> Provided material:
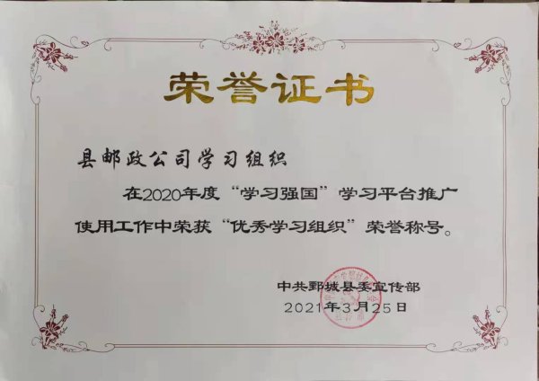 3月25日,鄄城县邮政分公司被县委宣传部授予“学习强国”学习平台“优秀学习组织”荣誉称号,该分公司员工刘璐璐同志被评为“学习标兵”。
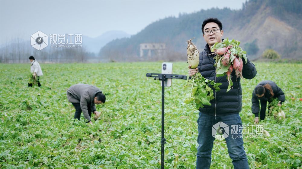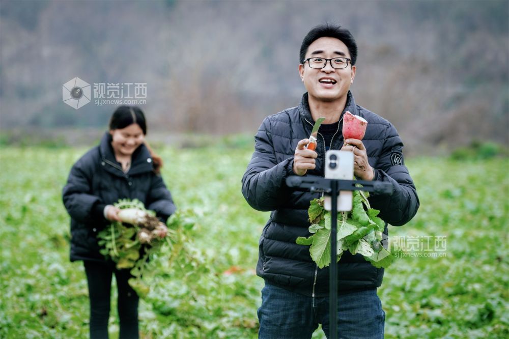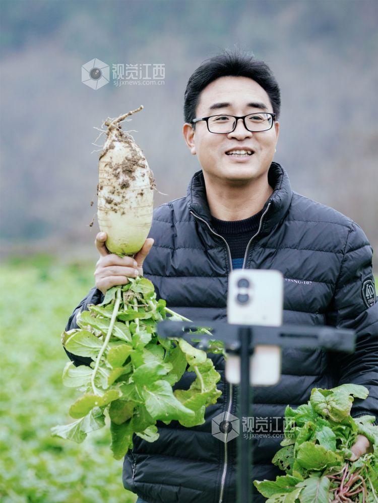 2023年2月2日,为拓宽洋江萝卜销售渠道,江西新余分宜县洋江镇车田村驻村第一书记胡小东把直播间搬进田间地头,客串卖货主播宣传推介本地特色农产品,增加农产品销量,为乡村振兴添能蓄力。
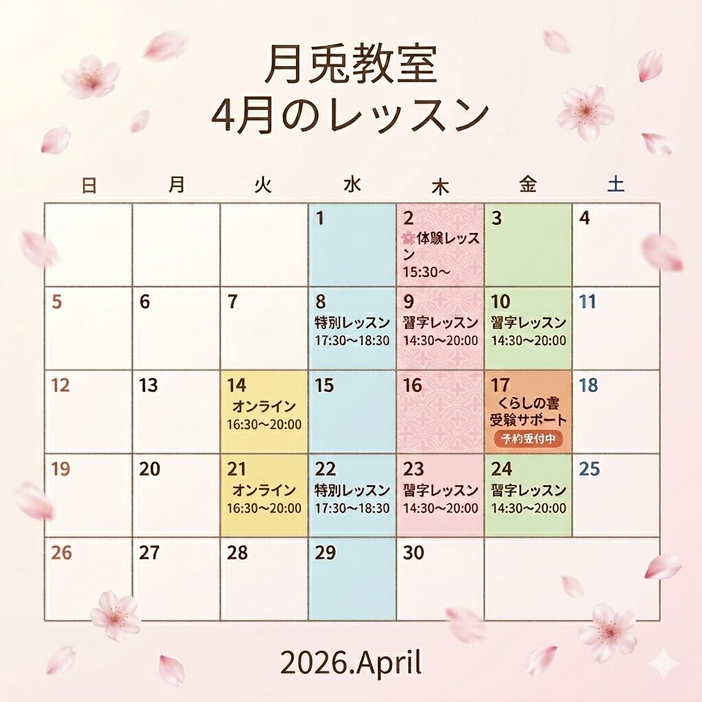 松阪市の習字教室|4月スケジュールと春の体験レッスン|月兎教室
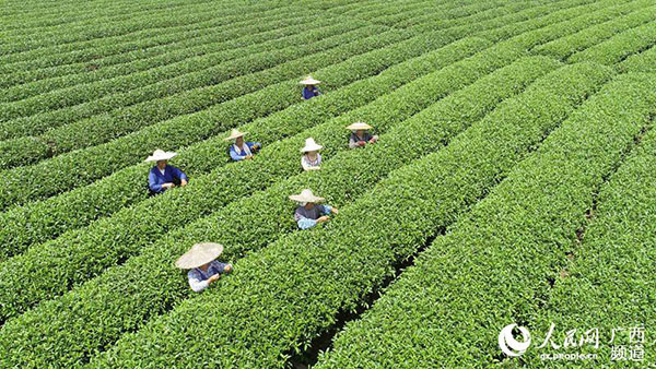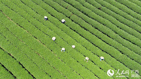 8月22日,茶农在广西三江侗族自治县八江镇八江村茶园内采摘秋茶。处暑将到,中国名茶之乡——广西三江侗族自治县迎来秋茶采摘旺季,茶农们在茶园里的忙碌身影如同点缀在五线谱上的跃动音符,美不胜收。
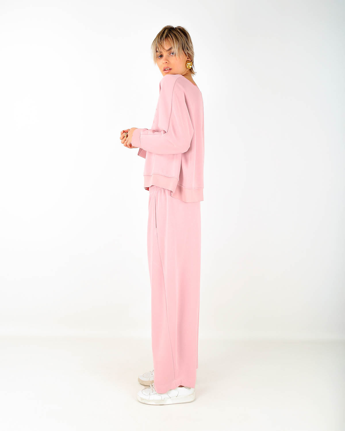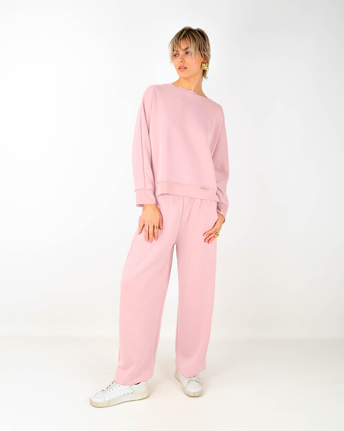 Questa tuta in scuba nasce per la donna che vuole unire stile e funzionalità con un’attitudine decisa. Il completo si compone di due pezzi versatili: una felpa crop dalla linea oversize e un pantalone baggy dal taglio rilassato. L’equilibrio perfetto tra sporty e sofisticato. Il tessuto scuba, compatto e leggermente strutturato, dona corpo al capo mantenendo una straordinaria morbidezza al tatto. Grazie alla sua elasticità multidirezionale, abbraccia la figura con naturalezza, garantendo un fit comodo per diverse taglie. La felpa cropped si appoggia sulla vita con eleganza, mentre il pantalone dalla linea ampia scivola morbido sulle gambe, completando il look con un twist urbano e moderno. Un set pensato per chi ama distinguersi, senza rinunciare alla praticità: ideale per il tempo libero, i viaggi o un brunch in città.
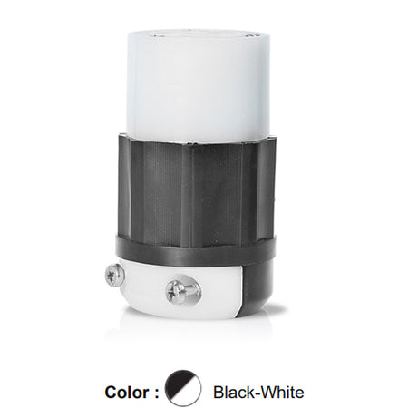 Leviton 3433-GC, Locking Connector, Industrial Grade, 30A 120/208V, 3-Phase Y, Non-NEMA, 4-Pole, 4-Wire, Grounding, Black/White
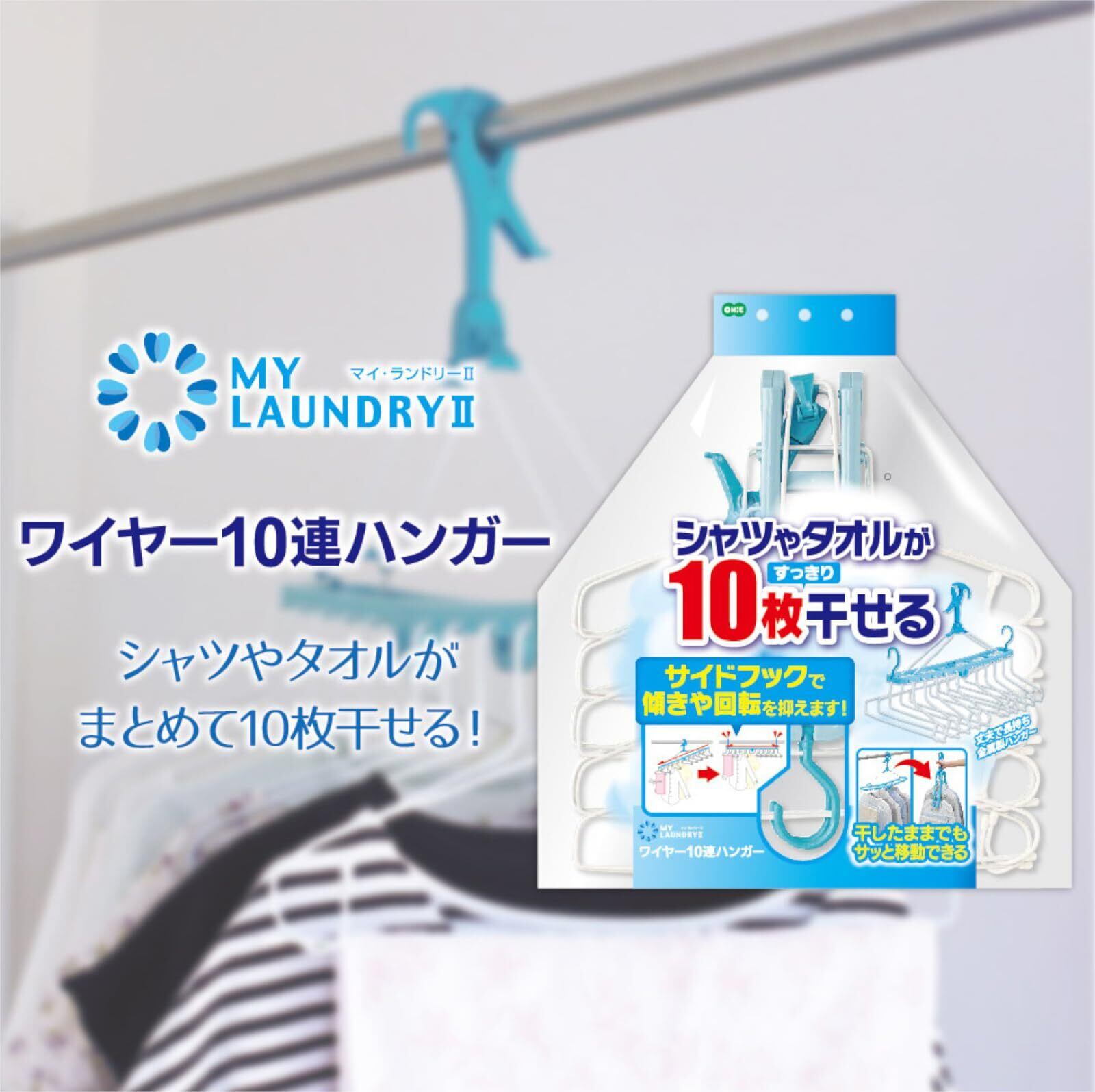 洗濯 物干し ハンガー マイランドリー2 ワイヤー ブルー 10連ハンガー 傾かず 干せる

> Task brief:
Using the data above, set down each line from the line with "松阪市の習字教室|4月スケジュールと春の体験レッスン|月兎教室" to the line with "Questa tuta in" exactly, both ends included, and leave the pictures behind. Nothing else belongs.

> Exercise solution:
 松阪市の習字教室|4月スケジュールと春の体験レッスン|月兎教室
 8月22日,茶农在广西三江侗族自治县八江镇八江村茶园内采摘秋茶。处暑将到,中国名茶之乡——广西三江侗族自治县迎来秋茶采摘旺季,茶农们在茶园里的忙碌身影如同点缀在五线谱上的跃动音符,美不胜收。
 Questa tuta in scuba nasce per la donna che vuole unire stile e funzionalità con un’attitudine decisa. Il completo si compone di due pezzi versatili: una felpa crop dalla linea oversize e un pantalone baggy dal taglio rilassato. L’equilibrio perfetto tra sporty e sofisticato. Il tessuto scuba, compatto e leggermente strutturato, dona corpo al capo mantenendo una straordinaria morbidezza al tatto. Grazie alla sua elasticità multidirezionale, abbraccia la figura con naturalezza, garantendo un fit comodo per diverse taglie. La felpa cropped si appoggia sulla vita con eleganza, mentre il pantalone dalla linea ampia scivola morbido sulle gambe, completando il look con un twist urbano e moderno. Un set pensato per chi ama distinguersi, senza rinunciare alla praticità: ideale per il tempo libero, i viaggi o un brunch in città.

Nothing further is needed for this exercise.